_Problem description:_ Using the entries below, copy exactly each line from the line with "- Mini Basketball" up to and including the line with "Fregadero de acero", with every picture left out.

_Material for the task:_
━━━━

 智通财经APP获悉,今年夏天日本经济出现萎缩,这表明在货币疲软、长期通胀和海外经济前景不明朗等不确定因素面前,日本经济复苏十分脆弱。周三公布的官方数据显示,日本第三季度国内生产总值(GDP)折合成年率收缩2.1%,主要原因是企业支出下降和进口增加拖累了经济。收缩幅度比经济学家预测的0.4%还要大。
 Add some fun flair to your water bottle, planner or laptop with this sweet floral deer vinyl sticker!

━━━━

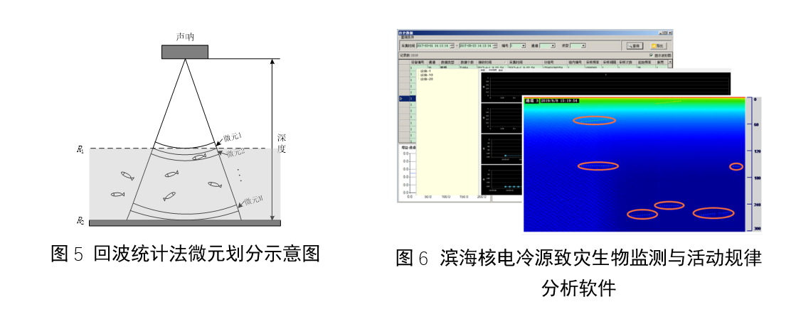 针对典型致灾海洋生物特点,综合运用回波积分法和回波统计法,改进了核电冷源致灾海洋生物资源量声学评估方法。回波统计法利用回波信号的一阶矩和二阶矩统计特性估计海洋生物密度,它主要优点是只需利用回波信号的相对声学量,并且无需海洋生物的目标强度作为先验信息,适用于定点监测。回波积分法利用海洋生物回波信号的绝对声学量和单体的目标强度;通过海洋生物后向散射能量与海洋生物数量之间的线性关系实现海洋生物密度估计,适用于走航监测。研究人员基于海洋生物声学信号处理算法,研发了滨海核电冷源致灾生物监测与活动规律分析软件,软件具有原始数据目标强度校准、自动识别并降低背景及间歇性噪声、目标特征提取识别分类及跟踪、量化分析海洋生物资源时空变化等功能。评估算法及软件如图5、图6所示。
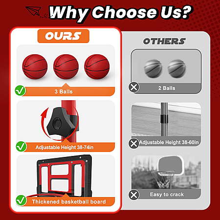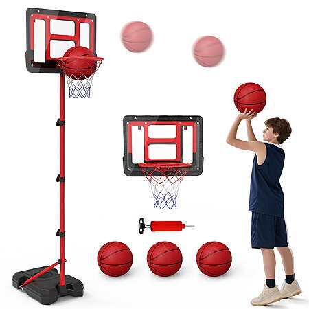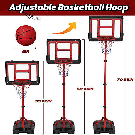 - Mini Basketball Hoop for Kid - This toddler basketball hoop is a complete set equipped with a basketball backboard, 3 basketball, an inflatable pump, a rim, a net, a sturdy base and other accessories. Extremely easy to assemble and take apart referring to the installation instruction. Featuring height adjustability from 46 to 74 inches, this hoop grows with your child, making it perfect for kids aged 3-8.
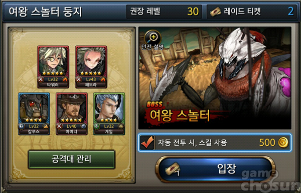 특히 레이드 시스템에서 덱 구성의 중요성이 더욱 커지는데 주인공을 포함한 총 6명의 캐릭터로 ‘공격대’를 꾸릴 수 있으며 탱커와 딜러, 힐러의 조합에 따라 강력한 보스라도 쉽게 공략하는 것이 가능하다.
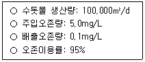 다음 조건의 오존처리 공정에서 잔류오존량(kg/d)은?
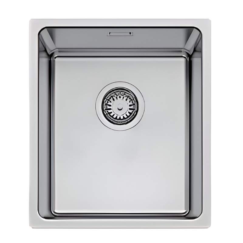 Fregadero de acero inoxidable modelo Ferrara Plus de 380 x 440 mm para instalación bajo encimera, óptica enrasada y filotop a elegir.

━━━━

_Exercise response:_
 - Mini Basketball Hoop for Kid - This toddler basketball hoop is a complete set equipped with a basketball backboard, 3 basketball, an inflatable pump, a rim, a net, a sturdy base and other accessories. Extremely easy to assemble and take apart referring to the installation instruction. Featuring height adjustability from 46 to 74 inches, this hoop grows with your child, making it perfect for kids aged 3-8.
 특히 레이드 시스템에서 덱 구성의 중요성이 더욱 커지는데 주인공을 포함한 총 6명의 캐릭터로 ‘공격대’를 꾸릴 수 있으며 탱커와 딜러, 힐러의 조합에 따라 강력한 보스라도 쉽게 공략하는 것이 가능하다.
 다음 조건의 오존처리 공정에서 잔류오존량(kg/d)은?
 Fregadero de acero inoxidable modelo Ferrara Plus de 380 x 440 mm para instalación bajo encimera, óptica enrasada y filotop a elegir.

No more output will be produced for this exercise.